**Exercise brief:** Required from the data below: the exact lines starting at the line containing "RDC : grande" and ending at the line containing "この花瓶は、ブルーの美しい色", with both ends kept and all pictures dropped.

**Input data:**
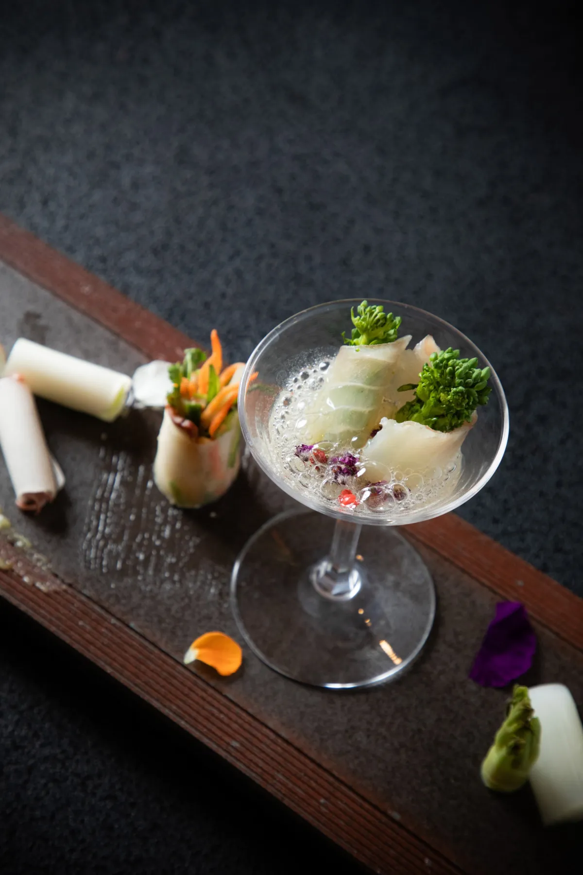このコースの初めに提供されるのは、春を感じる一皿です。新じゃがの擦り流しは豆腐仕立てで、上品な味わいが楽しめます。さらに、北斗産の軟白ネギとホタルイカの酢味噌添えや、大根を使った生春巻き風の料理も並び、目でも楽しめるように工夫されています。
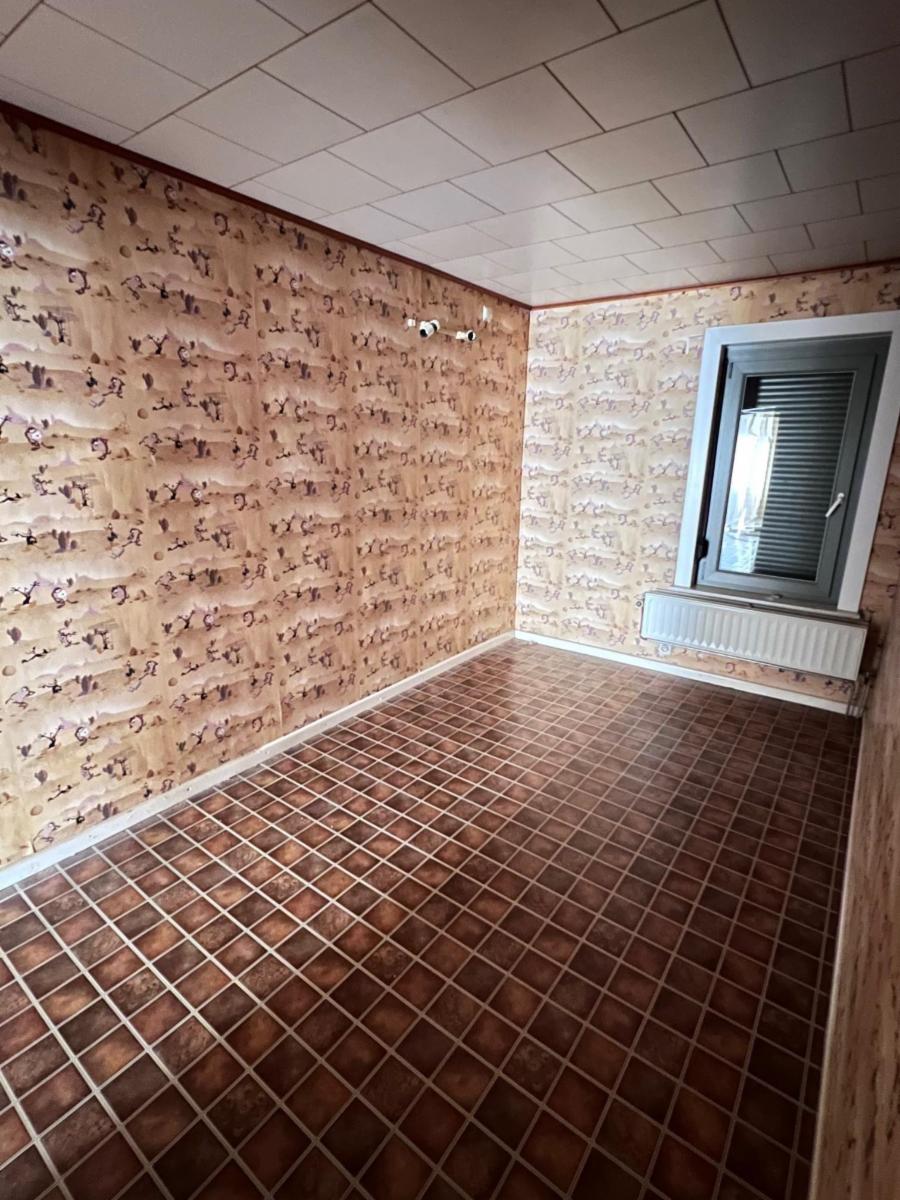 RDC : grande pièce à l'avant de la maison, couloir, salon - salle à manger, cuisine semi-équipée avec coin salle de bains.
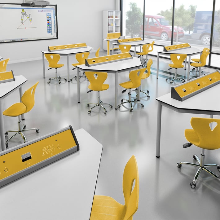 Кабинет по физика RFG Quin, над VII клас, за 24 ученика, HPL плот, метални крака, бяло-жълт
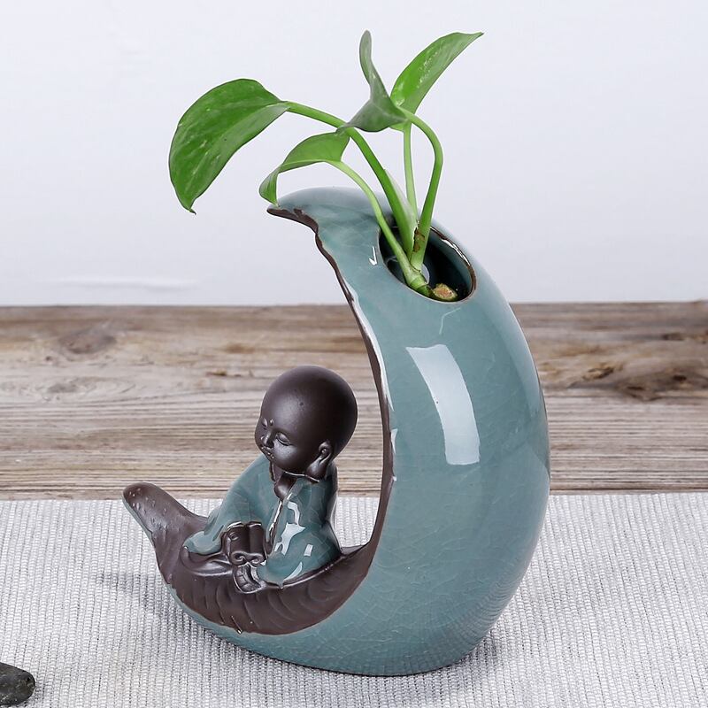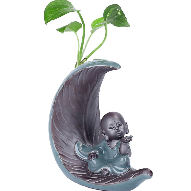 この花瓶は、ブルーの美しい色合いで、自然と調和しながら、心を落ち着ける効果が期待されています。さらに、水耕栽培にも対応しており、植物を育てることで、風水的にも良いエネルギーを引き寄せると言われています。植物の成長と共に、僧侶の祈りの姿が、家庭やオフィスに癒しの空間を提供し、運気や繁栄を願う方々に適したアイテムです。
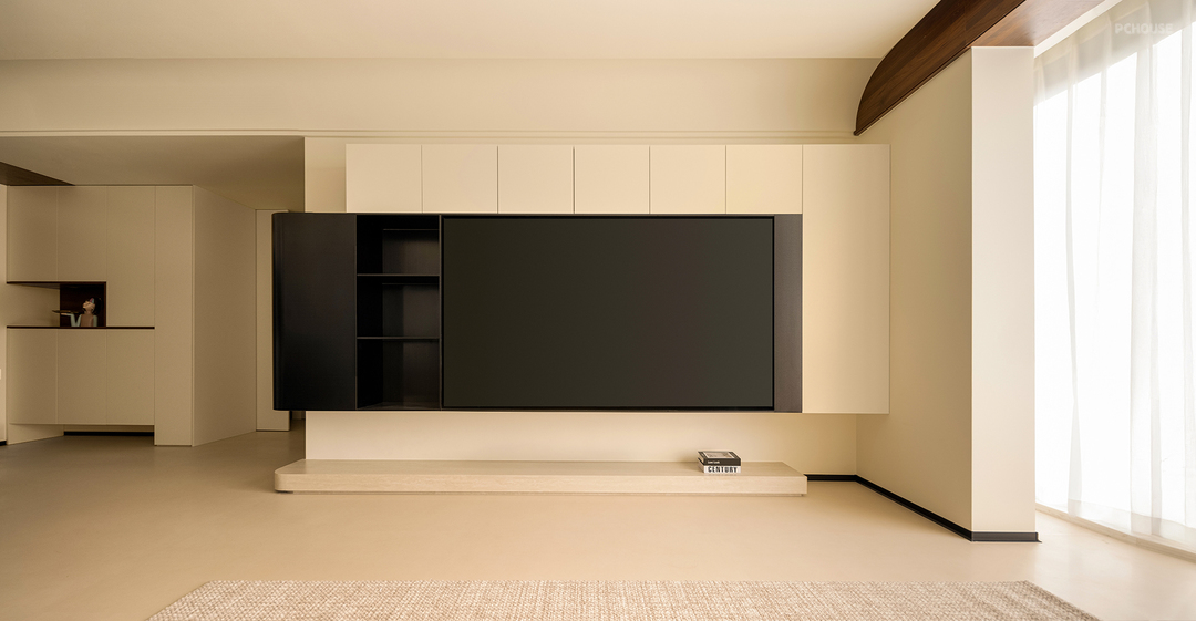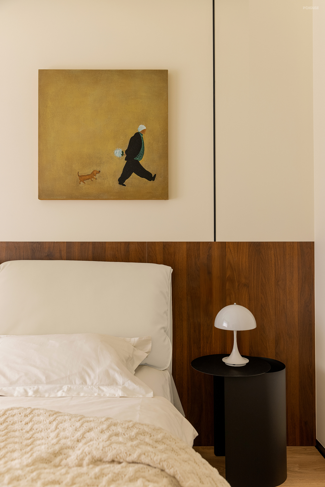 墙、顶、地统一色调,柔光砖搭配同色环氧彩砂美缝,缝隙隐于无形。悬浮柜体以黑色拉丝不锈钢层板点缀,兼顾收纳与陈列,不同材质和谐相融,质感丰富而克制,利落的线条语言,去繁就简,诠释极简精髓。胡桃木饰面横梁成为点睛之笔,破开奶油色柔腻感,注入沉稳气质,刚柔并济,层次分明。
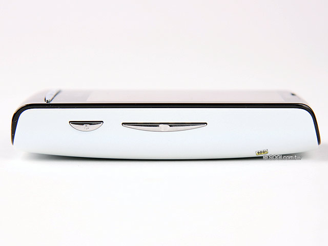 ▲Sony Ericsson XPERIA X10 mini 右側面置入音量調整 & 相機鍵,因為音量鍵的位置在中間,如果以右手操作本機還真難用拇指調整音量,感覺不是很人性化。
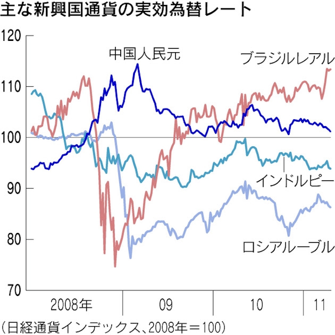 新興国通貨が二極化 ブラジルレアルなど資源国上昇 日本経済新聞
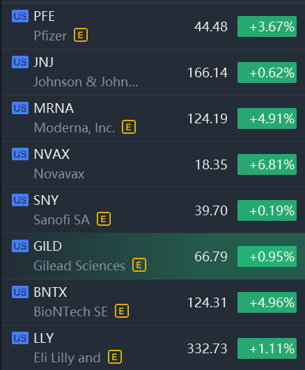 Vaccine stocks jumped in morning trading, with Novavax soaring 6.8%.
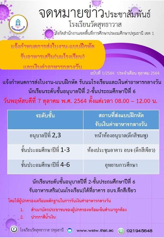 กำหนดการส่งใบงาน-แบบฝึกหัด รับอาหารเสริม (นมโรงเรียน) และเงินค่าอาหารกลางวัน
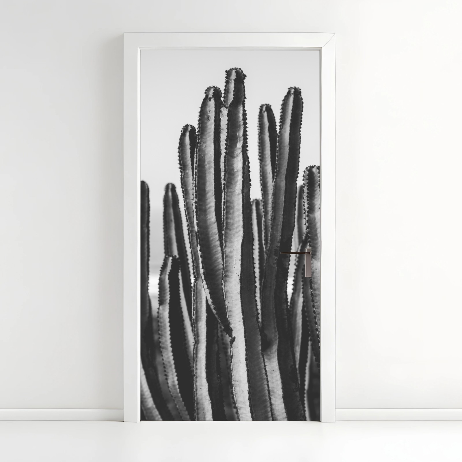 Türaufkleber Schwarzweiß kaktus nahaufnahme
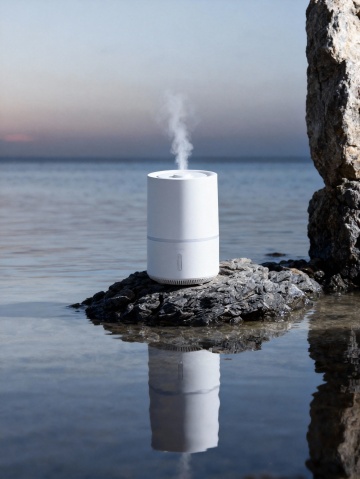 清新极简户外风调性,整体配色以米白、浅蓝与淡紫为主,色调明亮舒缓;采用平视视角,中心构图,主体垂直竖立在画面中部的浅色岩石(表面较为圆润岩石)堆上,占据约 25% 视觉空间;周围点缀淡紫色草本植物,背景为澄澈蓝天与一点点蓬松云朵,主体与轻简自然场景融合;运用自然光效渲染突出通透质感,浅景深处理,主体清晰锐利,背景云朵柔和虚化提升氛围。

**Reply to the exercise:**
 RDC : grande pièce à l'avant de la maison, couloir, salon - salle à manger, cuisine semi-équipée avec coin salle de bains.
 Кабинет по физика RFG Quin, над VII клас, за 24 ученика, HPL плот, метални крака, бяло-жълт
 この花瓶は、ブルーの美しい色合いで、自然と調和しながら、心を落ち着ける効果が期待されています。さらに、水耕栽培にも対応しており、植物を育てることで、風水的にも良いエネルギーを引き寄せると言われています。植物の成長と共に、僧侶の祈りの姿が、家庭やオフィスに癒しの空間を提供し、運気や繁栄を願う方々に適したアイテムです。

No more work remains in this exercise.